Quite often I have found that a cockerel chick will be smaller than the pullets when very young but soon you will see them grow leggier and taller, though their tails still look a little runty compared to the pullets. 

A BR seems to be the hardest to determine sex on for most folks until their distinct male characteristics kick in, in the form of hackle and saddle feathers. 

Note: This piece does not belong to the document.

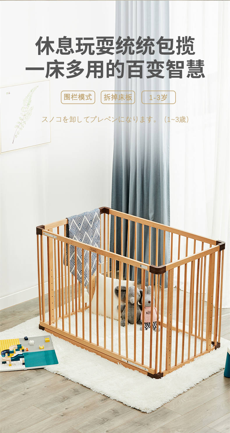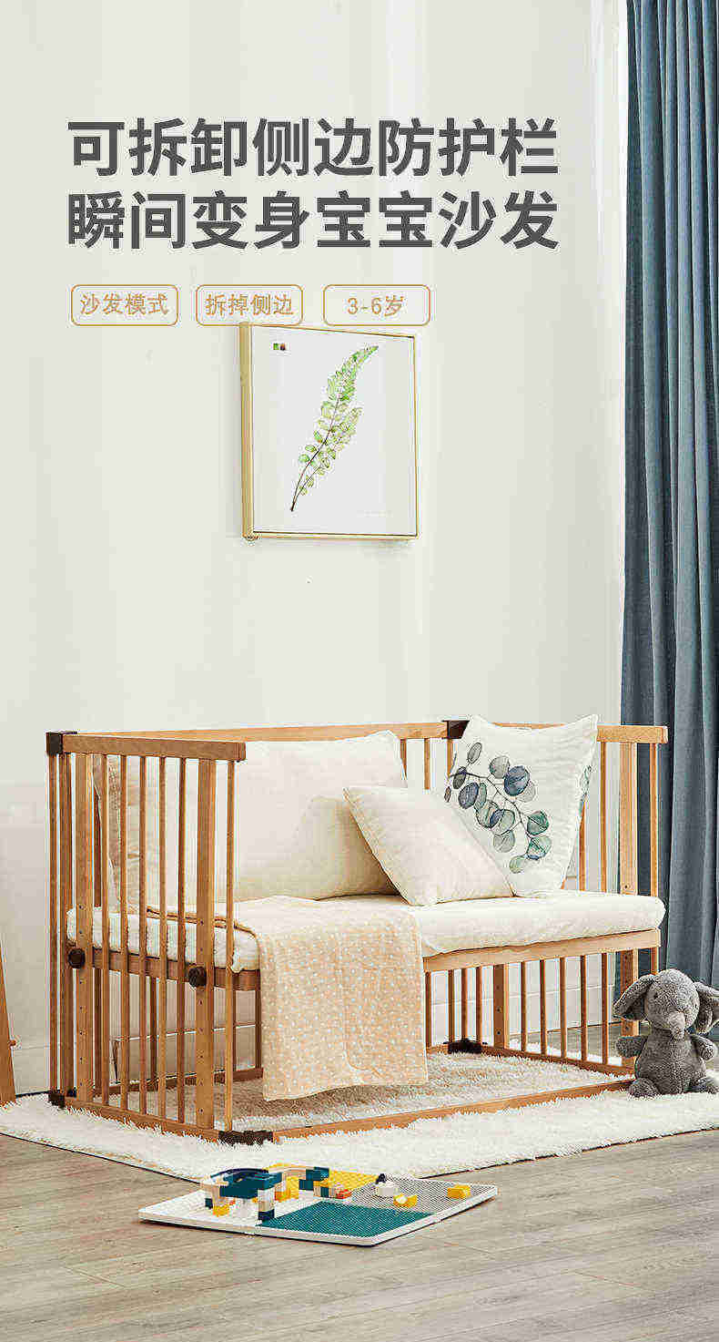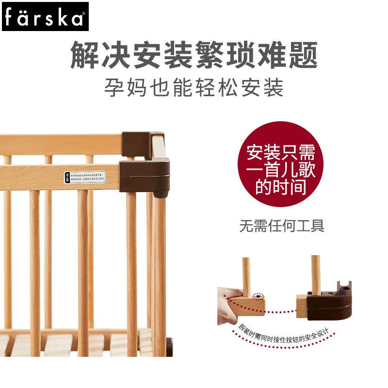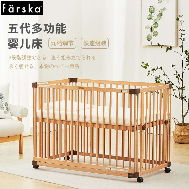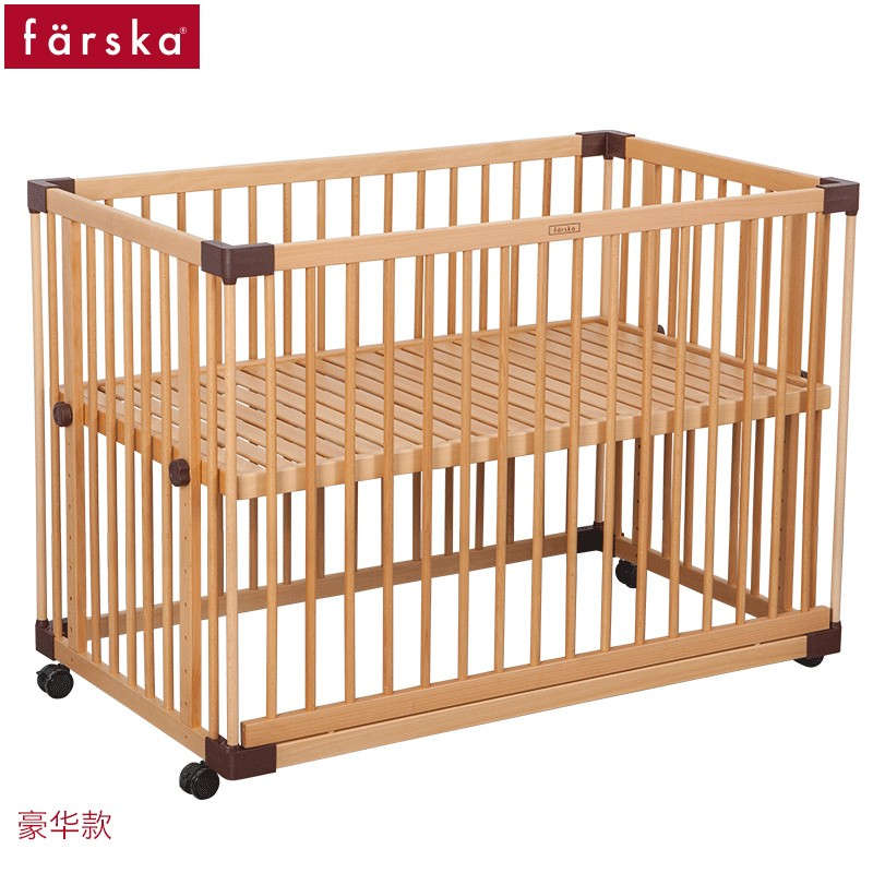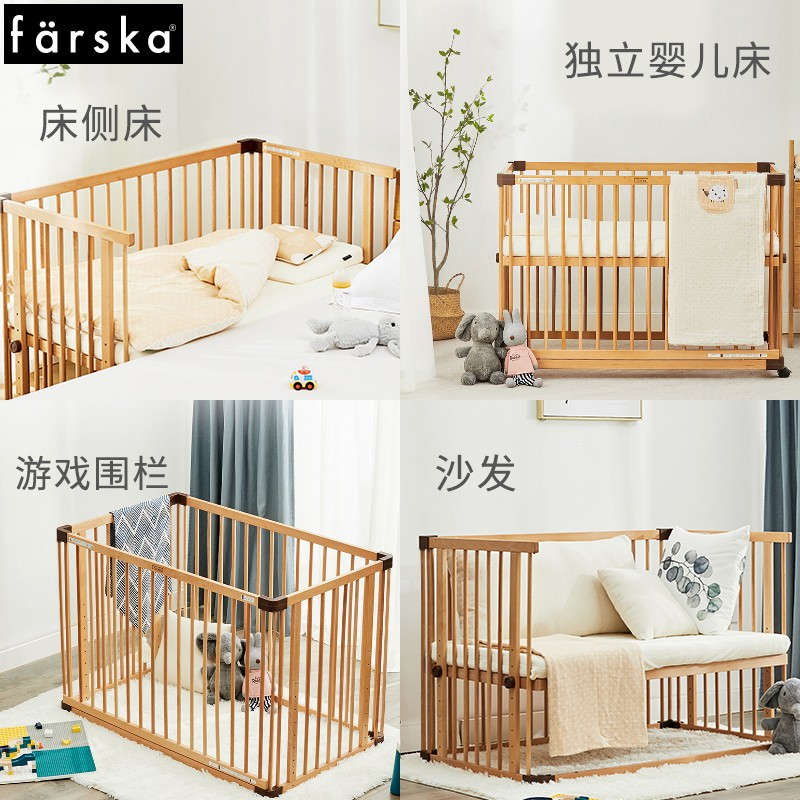 (特)farska实木婴儿床拼接大床 欧洲进口山毛榉多功能游戏床带滚轮 新生儿宝宝环保儿童床 豪华款婴儿床

It's a good looking bird and, if indeed a male, could be easily sold...I'd ask $10-$15 for him, at the least, more if the prices in your area dictate it.


----------



## Regina L (Jul 6, 2013)

Thank you Bee. 

I'll try to take a few different pictures of "Blink" tomorrow and try to picture the different characteristics you've described!
LOL I wouldn't even know who to sell my rooster to...
And I sure wouldn't have what it takes to have a rooster dinner!


----------



## Bee (Jun 20, 2013)

Just advertise on Craigslist or your locals..someone will want him. He's a fine looking bird.


----------



## Regina L (Jul 6, 2013)

I am so worried about the possibility of my Blinky being a rooster, I can't even sleep!
Maybe the fermented feed made her look so "Buffy"...lol
I have noticed a distinctive (positive) difference in their condition! Thanks again, Bee!


----------



## Regina L (Jul 6, 2013)

Thanks all!

I will "attempt" to verify all the hackles and spikes tomorrow!
I had chickens when my children were little, and now I've decided to have them again as a grandma!
Amazing that I can't remember much... "CRS" LOL


----------



## GenFoe (Apr 3, 2013)

Rlabrum said:


> Please tell me this is a girl, Miss Bee


My barred rock rooster has almost no smudging on his legs at all. They are pretty much yellow. Your bird looks like there's a decent amount of smudging and doesn't look too white. Do you have another barred rock to compare to? If I get a chance I will take a pic of my guy and one of my gals!


----------



## Itsacutefuzzball (Mar 16, 2013)

Rlabrum said:


> Please tell me this is a girl, Miss Bee


Well, I'm no bee, but I Know that looks almost exactly like my laying BR hen.


----------



## Bee (Jun 20, 2013)

It should be interesting to see how this bird develops...please keep us updated?


----------



## hennypenny68 (Apr 30, 2013)

Looks like a roo to me just his stance alone.


----------



## Dyanne05 (Apr 10, 2013)

Hard to tell the chick will determine a peckin order. My roo was very to himself but the hens were really aggressive at about three and a half months till the started to lay.


----------